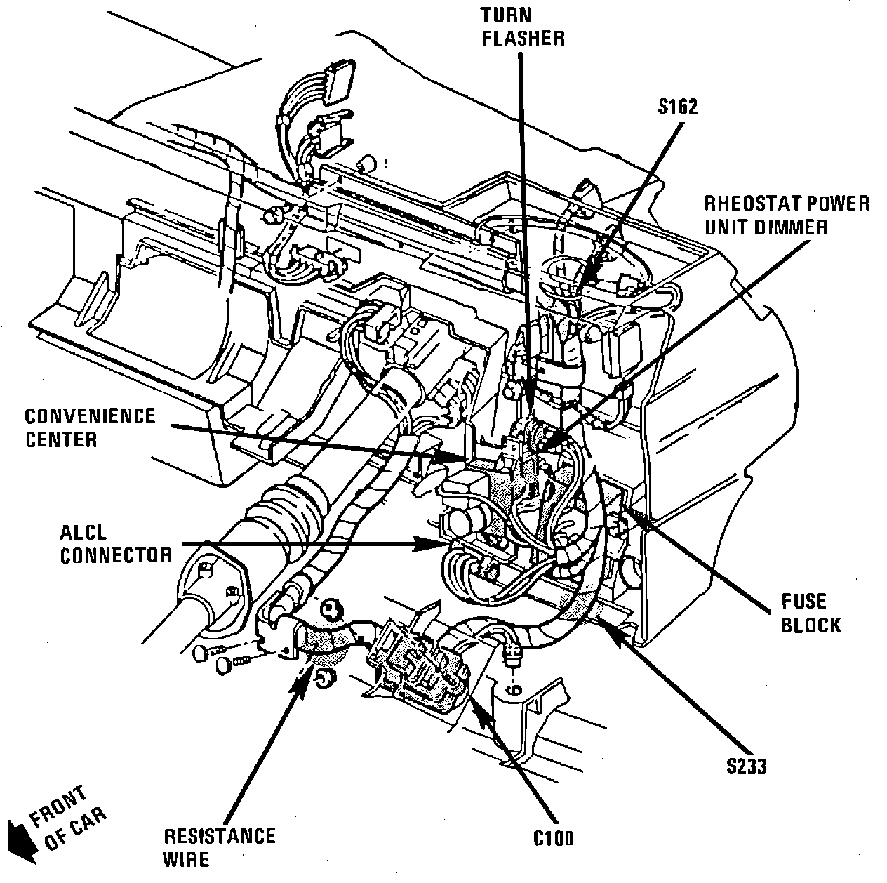 Behind I/P, LH Side Of Steering Column
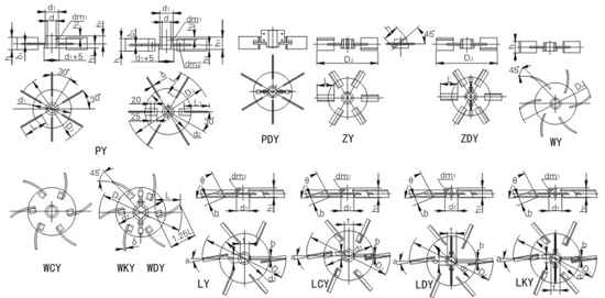 平直葉圓盤渦輪式-PY、平直葉對開圓盤渦輪式-PDY、斜葉圓盤渦輪式-ZY、斜葉對開圓盤渦輪式-ZDY、彎葉圓盤渦輪式-WY、彎葉可拆圓盤渦輪式-WCY、彎葉對開圓盤渦輪式-WDY、彎葉可拆對開圓盤渦輪式-WKY、螺距葉圓盤渦輪-LY、螺距葉可拆圓盤渦輪式-LCY、螺距葉對開圓盤渦輪式-LDY、螺距葉可拆對開圓盤渦輪式-LKY
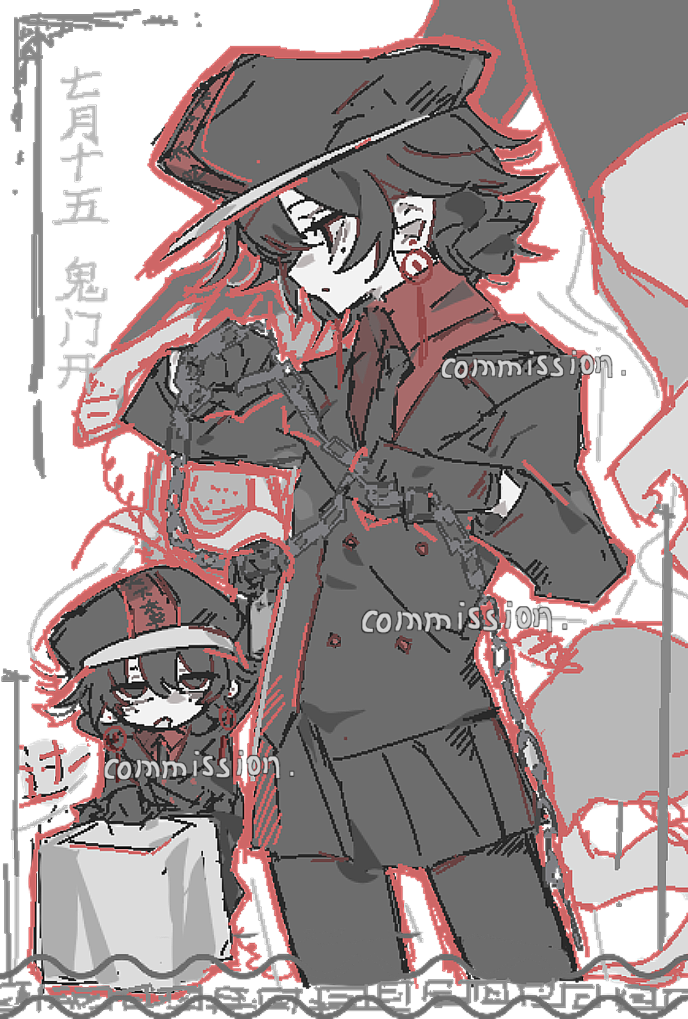 1girl black_eyes black_gloves black_hair black_hat black_jacket black_necktie black_pantyhose black_skirt buttons chain chibi chinese_commentary chinese_text closed_mouth collared_shirt colored_skin commentary_request commission double-breasted earrings gloves hair_between_eyes hat highres holding holding_chain jacket jewelry li_yuting_(female) long_sleeves miniskirt mole mole_under_each_eye mole_under_eye multiple_moles multiple_views necktie open_mouth pantyhose pleated_skirt qiufu_1.0 red_shirt shirt short_hair skirt touqi_guaitan watermark white_skin
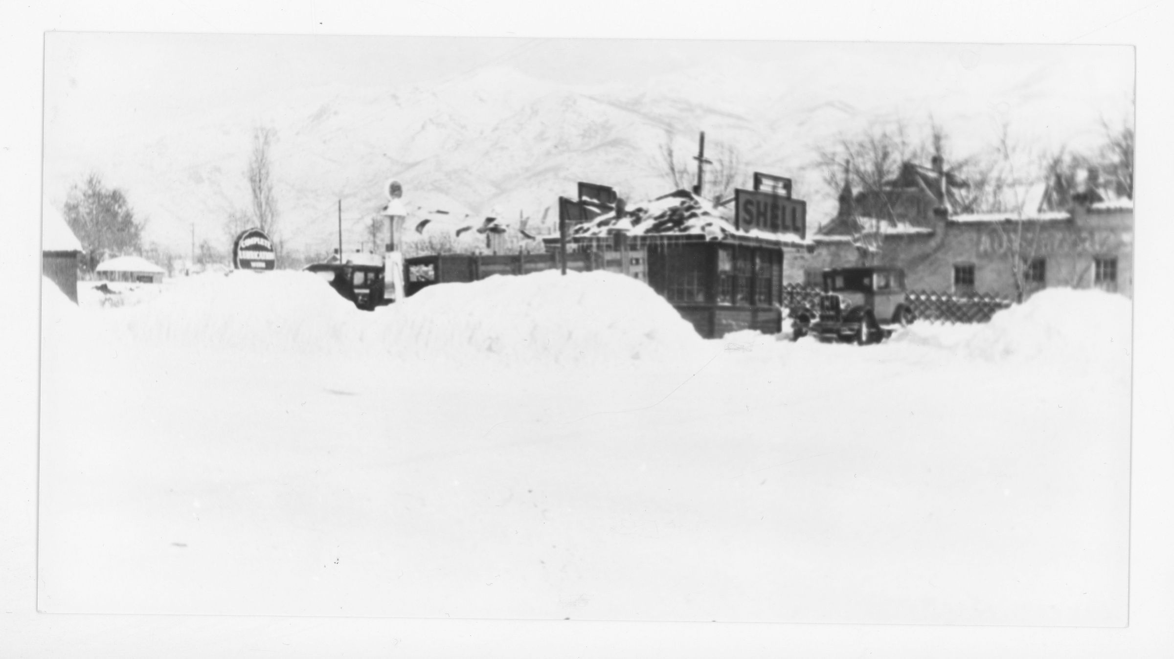 Snow-covered Main Street with Shell Gas Station and other buildings in the background.
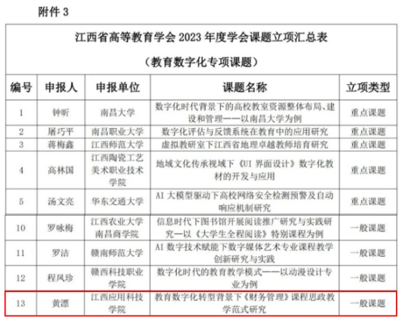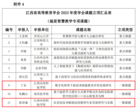 近日,江西省高等教育学会公布了2023年度立项课题名单。我校在前期获悉课题申报通知后,积极组织教师申报,最终有4项课题成功立项。
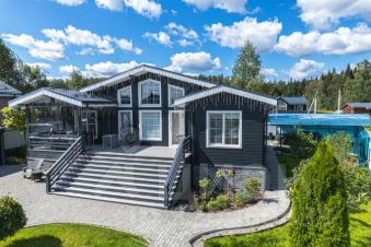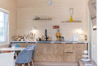 —В доме 4 жилые комнаты: просторная кухня-гостиная, 3 отдельных спальни и 2 с/у. Также отдельной гостевой комнатой может стать комната отдыха в бане.
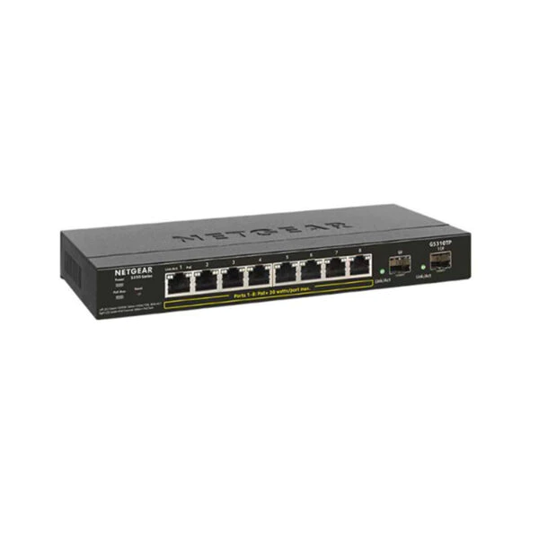 سوئیچ شبکه 10 پورت PoE نت گیر GS310TPتوان مصرفی این سوئیچ 10 پورت مدیریتی 69.3w است و 8 پورت شبکه ای و 2 پورت Uplink و 1G SFP (fiber) ports میباشد .
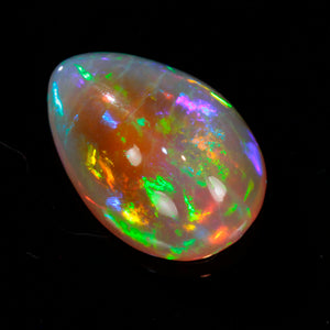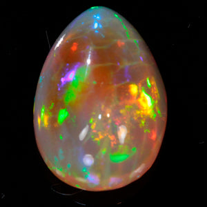 A unique opal with a slightly orange body color and various color patterns including honeycomb on one side with broad color flash throughout showing intense greens, blue and reds and flashes of the rest of the rainbow colors. An opal with real character. This Welo Ethiopian opal measures 22 x 16 x 10 millimeters. The opal is accented by a 1.08 carat tanzanite that is more blue than violet (vBV, violet blue vivid) measures 7.5 x 7.5 x 3.7 millimeters and has Vs clarity. Set in 14 karat white gold. Chain not included. Tanzanites are enhanced by heating. Ladies' 14k white gold opal pendant designed by Steve Moriarty, with one pear shape cabochon opal. The opal weighs 17.40 carats, measures 15.7 mm wide by 22 mm long by 10 mm deep, and is 4 prong set. In addition, there is one 3 prong set trilliant cut tanzanite, VIOLET BLUE VIVID color, VS clarity, measuring 7.5 mm wide by 7.5 mm long by 3.7 mm deep with a weight of 1.08 carats. The pendant weighs 6.13 grams. Opal is from Welo Ethiopia. Tanzanite is color enhanced by the typical heating.
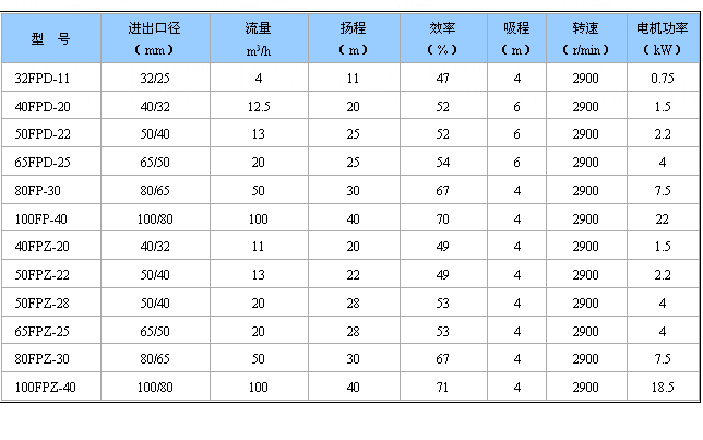 三、FPZ耐腐蝕自吸離心泵性能參數(shù)表:
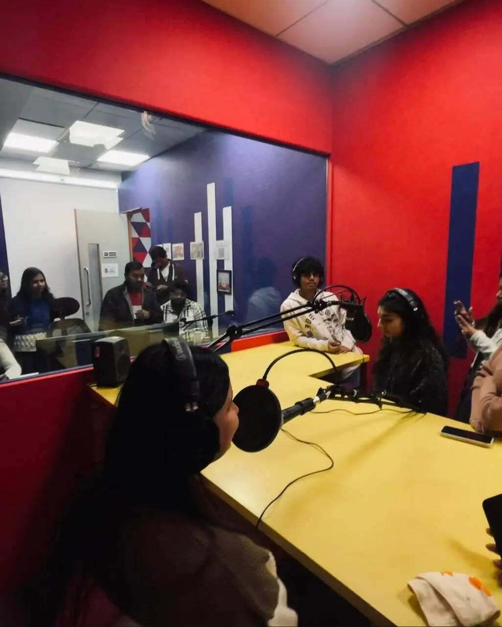 In a room full of mics and ideas, every voice matters. Capturing the behind-the-scenes of a podcast recording session, where students collaborate, communicate, and bring stories to life through audio.
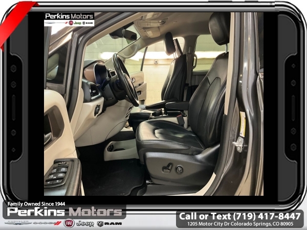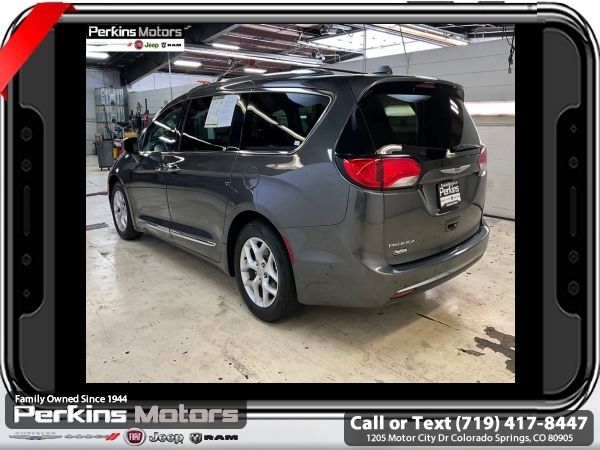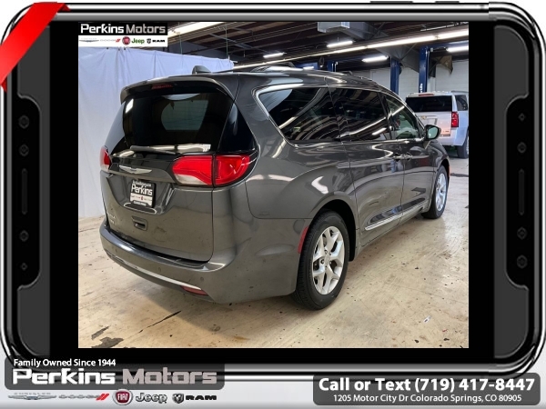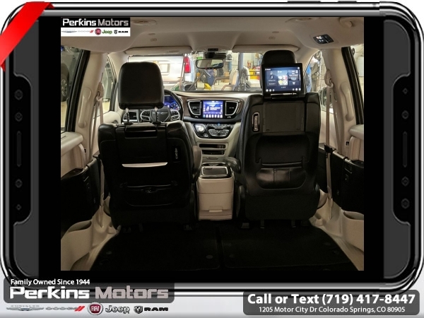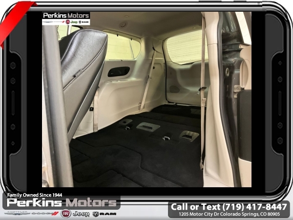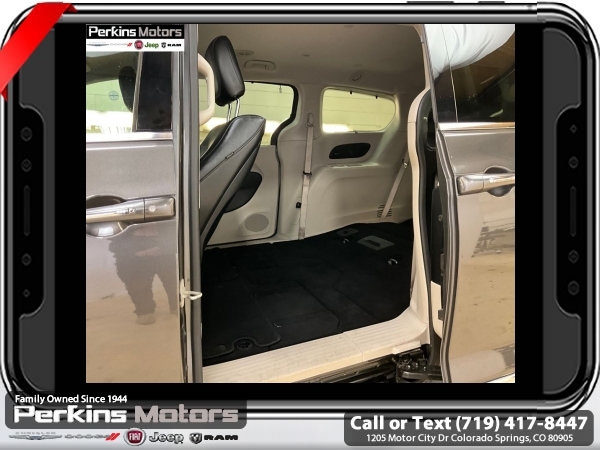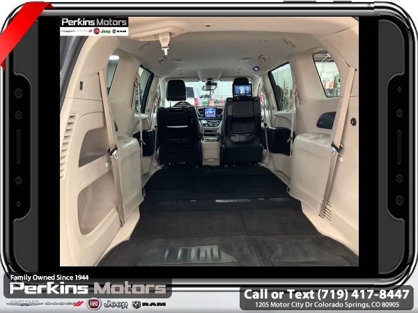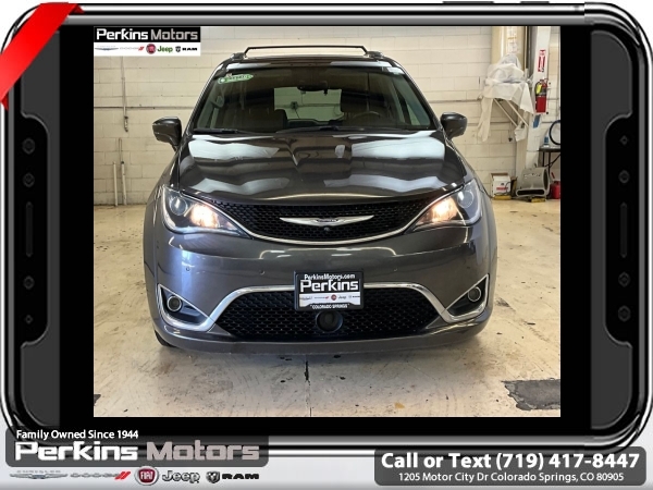 Granite Crystal Metallic Clearcoat FWD 3.6L V6 24V VVT 9-Speed 948TE Automatic<br><br>18 x 7.5 Painted Aluminum Wheels, 360 Surround View Camera System, Adaptive Cruise Control w/Stop & Go, Advanced Brake Assist, Advanced SafetyTec Group, Automatic High Beam Headlamp Control, Blind Spot & Cross Path Detection, Full Speed Forward Collision Warning Plus, Hands Free Power Liftgate, Hands Free Sliding Door & Liftgate Group, Hands Free Sliding Doors, Lane Departure Warning Plus, Michelin Brand Tires, Navigation System, Parallel & Perp Park Assist w/Stop, ParkSense Front/Rear Park Assist w/Stop, Rain Sensitive Windshield Wipers, Tire & Wheel Group.<br><br><br>Clean CARFAX.<br><br>Check us out at www.perkinsmotors.com to see our specials! Since opening our doors in 1944, we’ve been proud to serve Colorado Springs, CO, and the surrounding areas of Pueblo, Castle Rock and Denver, CO. Throughout this time of being family owned for 80 years, we’ve maintained a firm commitment to our customers: to offer a wide selection of New Chrysler, Dodge, Fiat, Jeep, and Ram vehicles and quality pre-owned vehicles, and provide a quick, no-hassle car-buying process that ensures everyone drives off the lot satisfied with their purchase.<br><br><br>Awards:<br> * 2019 KBB.com 12 Best Family Cars<br><br>Advanced SafetyTec Group (360 Surround View Camera System, Adaptive Cruise Control w/Stop & Go, Advanced Brake Assist, Automatic High Beam Headlamp Control, Blind Spot & Cross Path Detection, Full Speed Forward Collision Warning Plus, Lane Departure Warning Plus, Parallel & Perp Park Assist w/Stop, ParkSense Front/Rear Park Assist w/Stop, and Rain Sensitive Windshield Wipers), Hands Free Sliding Door & Liftgate Group (Hands Free Power Liftgate and Hands Free Sliding Doors), Tire & Wheel Group (18 x 7.5 Painted Aluminum Wheels and Michelin Brand Tires), Quick Order Package 27J, Navigation System, 13 Speakers, 17 x 7.0 Polished Aluminum Wheels, 3.25 Axle Ratio, 3rd row seats: split-bench, 4-Wheel Disc Brakes, A/V remote, ABS brakes, Air Conditioning, Alloy wheels, AM/FM radio: SiriusXM, Apple CarPlay/Android Auto, Auto-dimming Rear-View mirror, Automatic temperature control, Black Seats, Bodyside moldings, Brake assist, Bumpers: body-color, CD player, Compass, Cruise Control, Delay-off headlights, Driver door bin, Driver vanity mirror, Driver's Seat Mounted Armrest, Dual front impact airbags, Dual front side impact airbags, DVD-Audio, Electronic Stability Control, Emergency communication system: Uconnect Access, Four wheel independent suspension, Front anti-roll bar, Front Bucket Seats, Front dual zone A/C, Front fog lights, Front reading lights, Fully automatic headlights, Garage door transmitter, Headphones, Heated door mirrors, Heated front seats, Heated rear seats, Heated steering wheel, Illuminated entry, KeySense, Knee airbag, Leather steering wheel, Low tire pressure warning, Manufacturer's Statement of Origin, Occupant sensing airbag, Outside temperature display, Overhead airbag, Overhead console, Panic alarm, ParkView Rear Back-Up Camera, Passenger door bin, Passenger seat mounted armrest, Passenger vanity mirror, Perforated Leather Trim Bucket Seats, Power door mirrors, Power driver seat, Power Liftgate, Power passenger seat, Power steering, Power windows, Radio data system, Radio: Uconnect 4C Nav w/8.4 Display, Rain sensing wipers, Rear air conditioning, Rear reading lights, Rear window defroster, Rear window wiper, Reclining 3rd row seat, Remote keyless entry, Roof rack, Security system, Split folding rear seat, Spoiler, Steering wheel mounted audio controls, Tachometer, Telescoping steering wheel, Tilt steering wheel, Touring Suspension, Traction control, Trip computer, Variably intermittent wipers, and Voltmeter.

-- What to work on --
Write the records out once more, exactly as they appear, with no pictures.

-- Exercise result --
 Behind I/P, LH Side Of Steering Column
 平直葉圓盤渦輪式-PY、平直葉對開圓盤渦輪式-PDY、斜葉圓盤渦輪式-ZY、斜葉對開圓盤渦輪式-ZDY、彎葉圓盤渦輪式-WY、彎葉可拆圓盤渦輪式-WCY、彎葉對開圓盤渦輪式-WDY、彎葉可拆對開圓盤渦輪式-WKY、螺距葉圓盤渦輪-LY、螺距葉可拆圓盤渦輪式-LCY、螺距葉對開圓盤渦輪式-LDY、螺距葉可拆對開圓盤渦輪式-LKY
 1girl black_eyes black_gloves black_hair black_hat black_jacket black_necktie black_pantyhose black_skirt buttons chain chibi chinese_commentary chinese_text closed_mouth collared_shirt colored_skin commentary_request commission double-breasted earrings gloves hair_between_eyes hat highres holding holding_chain jacket jewelry li_yuting_(female) long_sleeves miniskirt mole mole_under_each_eye mole_under_eye multiple_moles multiple_views necktie open_mouth pantyhose pleated_skirt qiufu_1.0 red_shirt shirt short_hair skirt touqi_guaitan watermark white_skin
 Snow-covered Main Street with Shell Gas Station and other buildings in the background.
 近日,江西省高等教育学会公布了2023年度立项课题名单。我校在前期获悉课题申报通知后,积极组织教师申报,最终有4项课题成功立项。
 —В доме 4 жилые комнаты: просторная кухня-гостиная, 3 отдельных спальни и 2 с/у. Также отдельной гостевой комнатой может стать комната отдыха в бане.
 سوئیچ شبکه 10 پورت PoE نت گیر GS310TPتوان مصرفی این سوئیچ 10 پورت مدیریتی 69.3w است و 8 پورت شبکه ای و 2 پورت Uplink و 1G SFP (fiber) ports میباشد .
 A unique opal with a slightly orange body color and various color patterns including honeycomb on one side with broad color flash throughout showing intense greens, blue and reds and flashes of the rest of the rainbow colors. An opal with real character. This Welo Ethiopian opal measures 22 x 16 x 10 millimeters. The opal is accented by a 1.08 carat tanzanite that is more blue than violet (vBV, violet blue vivid) measures 7.5 x 7.5 x 3.7 millimeters and has Vs clarity. Set in 14 karat white gold. Chain not included. Tanzanites are enhanced by heating. Ladies' 14k white gold opal pendant designed by Steve Moriarty, with one pear shape cabochon opal. The opal weighs 17.40 carats, measures 15.7 mm wide by 22 mm long by 10 mm deep, and is 4 prong set. In addition, there is one 3 prong set trilliant cut tanzanite, VIOLET BLUE VIVID color, VS clarity, measuring 7.5 mm wide by 7.5 mm long by 3.7 mm deep with a weight of 1.08 carats. The pendant weighs 6.13 grams. Opal is from Welo Ethiopia. Tanzanite is color enhanced by the typical heating.
 三、FPZ耐腐蝕自吸離心泵性能參數(shù)表:
 In a room full of mics and ideas, every voice matters. Capturing the behind-the-scenes of a podcast recording session, where students collaborate, communicate, and bring stories to life through audio.
 Granite Crystal Metallic Clearcoat FWD 3.6L V6 24V VVT 9-Speed 948TE Automatic<br><br>18 x 7.5 Painted Aluminum Wheels, 360 Surround View Camera System, Adaptive Cruise Control w/Stop & Go, Advanced Brake Assist, Advanced SafetyTec Group, Automatic High Beam Headlamp Control, Blind Spot & Cross Path Detection, Full Speed Forward Collision Warning Plus, Hands Free Power Liftgate, Hands Free Sliding Door & Liftgate Group, Hands Free Sliding Doors, Lane Departure Warning Plus, Michelin Brand Tires, Navigation System, Parallel & Perp Park Assist w/Stop, ParkSense Front/Rear Park Assist w/Stop, Rain Sensitive Windshield Wipers, Tire & Wheel Group.<br><br><br>Clean CARFAX.<br><br>Check us out at www.perkinsmotors.com to see our specials! Since opening our doors in 1944, we’ve been proud to serve Colorado Springs, CO, and the surrounding areas of Pueblo, Castle Rock and Denver, CO. Throughout this time of being family owned for 80 years, we’ve maintained a firm commitment to our customers: to offer a wide selection of New Chrysler, Dodge, Fiat, Jeep, and Ram vehicles and quality pre-owned vehicles, and provide a quick, no-hassle car-buying process that ensures everyone drives off the lot satisfied with their purchase.<br><br><br>Awards:<br> * 2019 KBB.com 12 Best Family Cars<br><br>Advanced SafetyTec Group (360 Surround View Camera System, Adaptive Cruise Control w/Stop & Go, Advanced Brake Assist, Automatic High Beam Headlamp Control, Blind Spot & Cross Path Detection, Full Speed Forward Collision Warning Plus, Lane Departure Warning Plus, Parallel & Perp Park Assist w/Stop, ParkSense Front/Rear Park Assist w/Stop, and Rain Sensitive Windshield Wipers), Hands Free Sliding Door & Liftgate Group (Hands Free Power Liftgate and Hands Free Sliding Doors), Tire & Wheel Group (18 x 7.5 Painted Aluminum Wheels and Michelin Brand Tires), Quick Order Package 27J, Navigation System, 13 Speakers, 17 x 7.0 Polished Aluminum Wheels, 3.25 Axle Ratio, 3rd row seats: split-bench, 4-Wheel Disc Brakes, A/V remote, ABS brakes, Air Conditioning, Alloy wheels, AM/FM radio: SiriusXM, Apple CarPlay/Android Auto, Auto-dimming Rear-View mirror, Automatic temperature control, Black Seats, Bodyside moldings, Brake assist, Bumpers: body-color, CD player, Compass, Cruise Control, Delay-off headlights, Driver door bin, Driver vanity mirror, Driver's Seat Mounted Armrest, Dual front impact airbags, Dual front side impact airbags, DVD-Audio, Electronic Stability Control, Emergency communication system: Uconnect Access, Four wheel independent suspension, Front anti-roll bar, Front Bucket Seats, Front dual zone A/C, Front fog lights, Front reading lights, Fully automatic headlights, Garage door transmitter, Headphones, Heated door mirrors, Heated front seats, Heated rear seats, Heated steering wheel, Illuminated entry, KeySense, Knee airbag, Leather steering wheel, Low tire pressure warning, Manufacturer's Statement of Origin, Occupant sensing airbag, Outside temperature display, Overhead airbag, Overhead console, Panic alarm, ParkView Rear Back-Up Camera, Passenger door bin, Passenger seat mounted armrest, Passenger vanity mirror, Perforated Leather Trim Bucket Seats, Power door mirrors, Power driver seat, Power Liftgate, Power passenger seat, Power steering, Power windows, Radio data system, Radio: Uconnect 4C Nav w/8.4 Display, Rain sensing wipers, Rear air conditioning, Rear reading lights, Rear window defroster, Rear window wiper, Reclining 3rd row seat, Remote keyless entry, Roof rack, Security system, Split folding rear seat, Spoiler, Steering wheel mounted audio controls, Tachometer, Telescoping steering wheel, Tilt steering wheel, Touring Suspension, Traction control, Trip computer, Variably intermittent wipers, and Voltmeter.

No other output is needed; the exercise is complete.